Hi... Never had to do this sort of thing in the past, but I feel I have a major problem. But let me start at the beginning.... Approx. 10 weeks ago we acquired a 3 year old Vizsla bitch from a friend who had become bankrupted. During this time are older bitch had, had a litter, so to a certain extent the bitches were kept apart although on occasion they would be together with our two males outside. The pups have now all gone to new homes and now the adults are all sleeping in the same area (two bitches + two dogs). Yesterday morning, my wife let them out from their sleeping area and the new bitch attacked the older bitch in an extremely aggressive way with no provocation.
Last night we kept them apart.... Ema slept in the kitchen and Bella + two boys slept in their sleeping area.
This morning we had the same problem......... This is totally alien to us as we have never had this type of problem in the 16 years of having Hungarian Vizsla's. Our dogs have always lived in harmony with each other, never even had a problem with our two males when a bitch came into season!!!!! I would appreciate any advice that we can get as to be honest, I have not got a clue how to overcome this type of behaviour. Regards................


----------



## redbirddog (Apr 23, 2010)

Short answers are tough but in a nut shell. 

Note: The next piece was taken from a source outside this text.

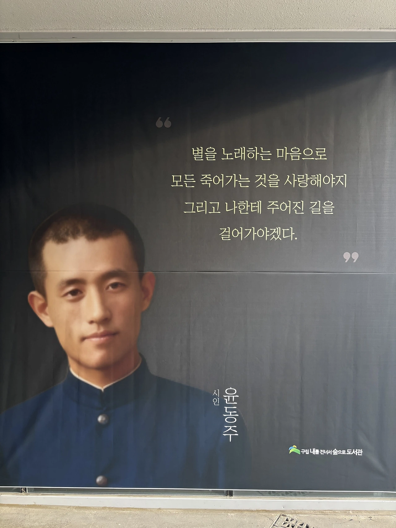 오늘은 둘째가 축구 방과후를 마치고 일찍 하교하는 날이었다. 학교 앞에는 차를 세워둘 공간이 없어, 내를 건너숲 근처에 있는 도서관 주차장에 잠시 차를 세우고 아이를 데리러 걸어갔다. 그 길에서 윤동주 시인의 모습과 함께 ‘서시’의 일부가 적힌 현수막이 보였다. 사람들은 대개 ‘모든 죽어가는 것을 사랑해야지’라는 구절에 멈춰 서는 것 같지만, 오늘 내 눈에 들어온 문장은 달랐다. ‘별을 노래하는 마음으로.’ 이 짧은 구절이 이상하게 마음에 남았다.
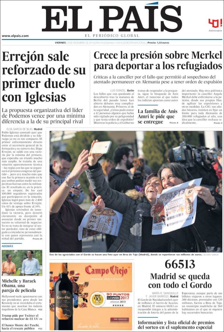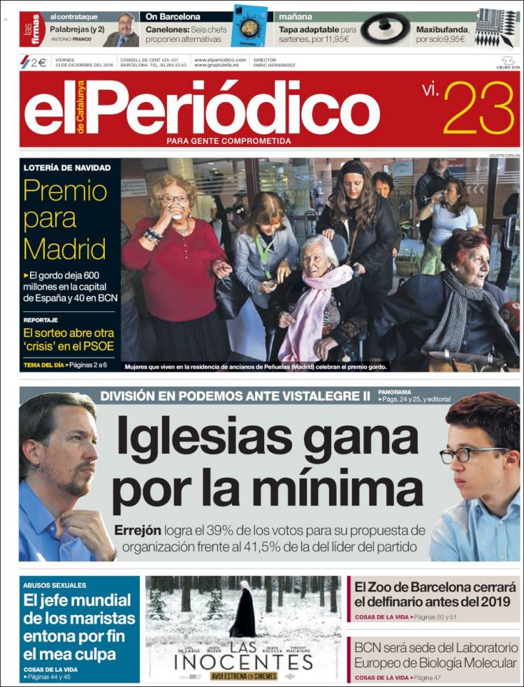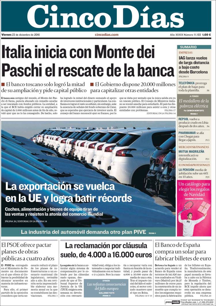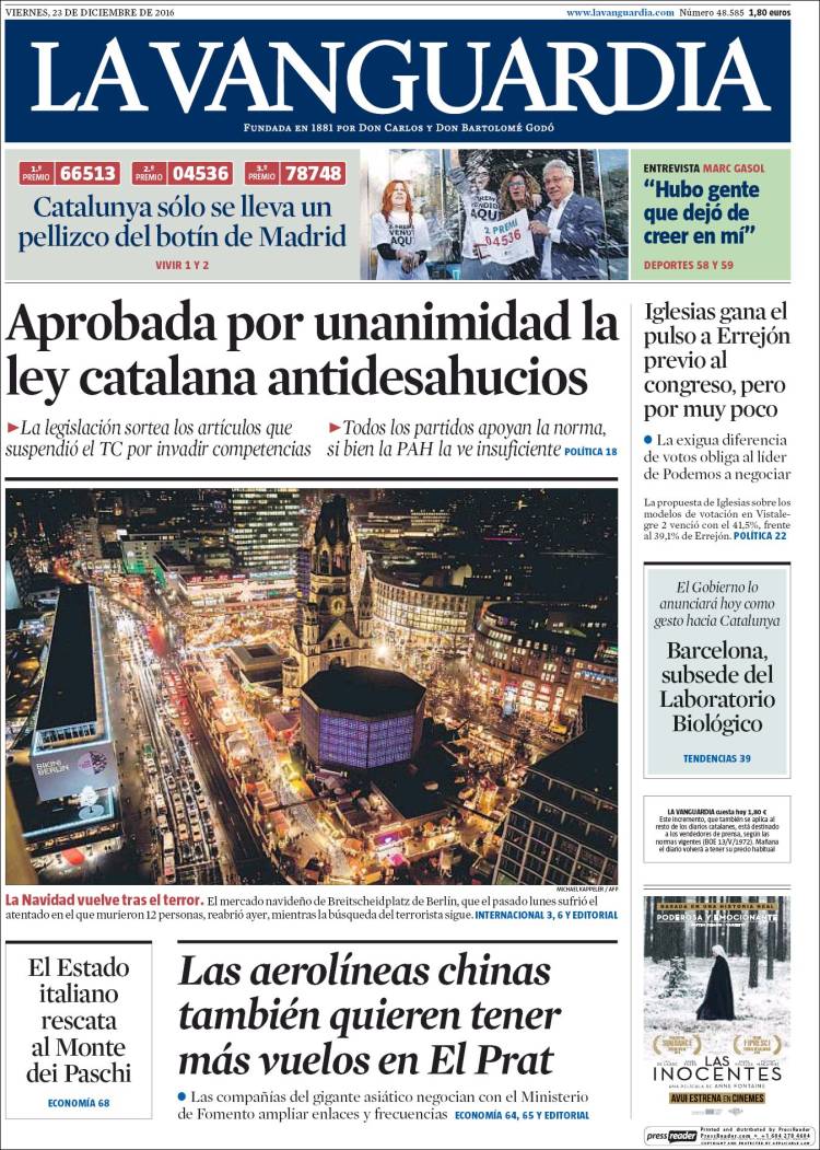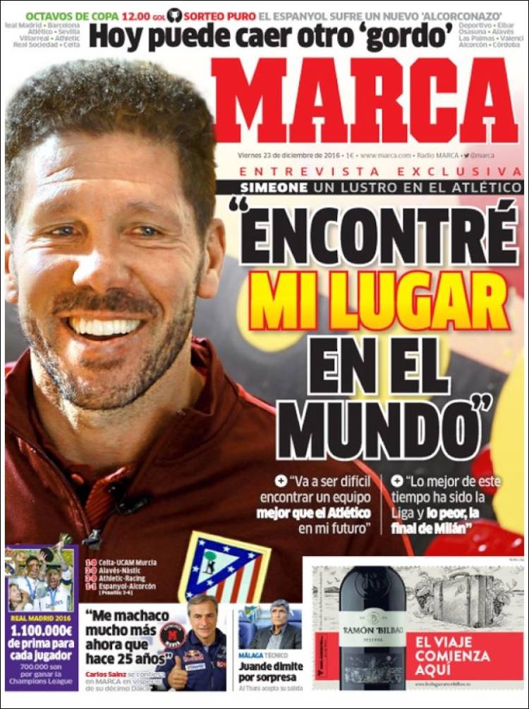 Portadas de los diarios El Mundo, El País, ABC, La Razón, La Vanguardia, El Periódico, Cinco Días, El Economista, Expansión, Marca, As, Mundo Deportivo y Sport.

The females are middle-of-the-pack dogs needing to figure out the pack pecking order. They must be of equal temperment and strength.


----------



## MeandMy3 (Feb 27, 2013)

Hello. I agree with RBD, but wanted to share a bit of my experience with you. We have labs as well as a vizsla. After our lab had her litter of pups, it seemed like all of the females needed to challenge each other. These were dogs that had lived together since puppy-hood. At the recommendation of both our trainer and our vet, we supervised the first few weeks carefully. If the dogs couldn't be supervised, they were crated. Also - we did end up stepping in a couple of times when the challenges turned to attacks. If I recall correctly, everything was back in place in about a month. It seemed like a really, really long month though.


----------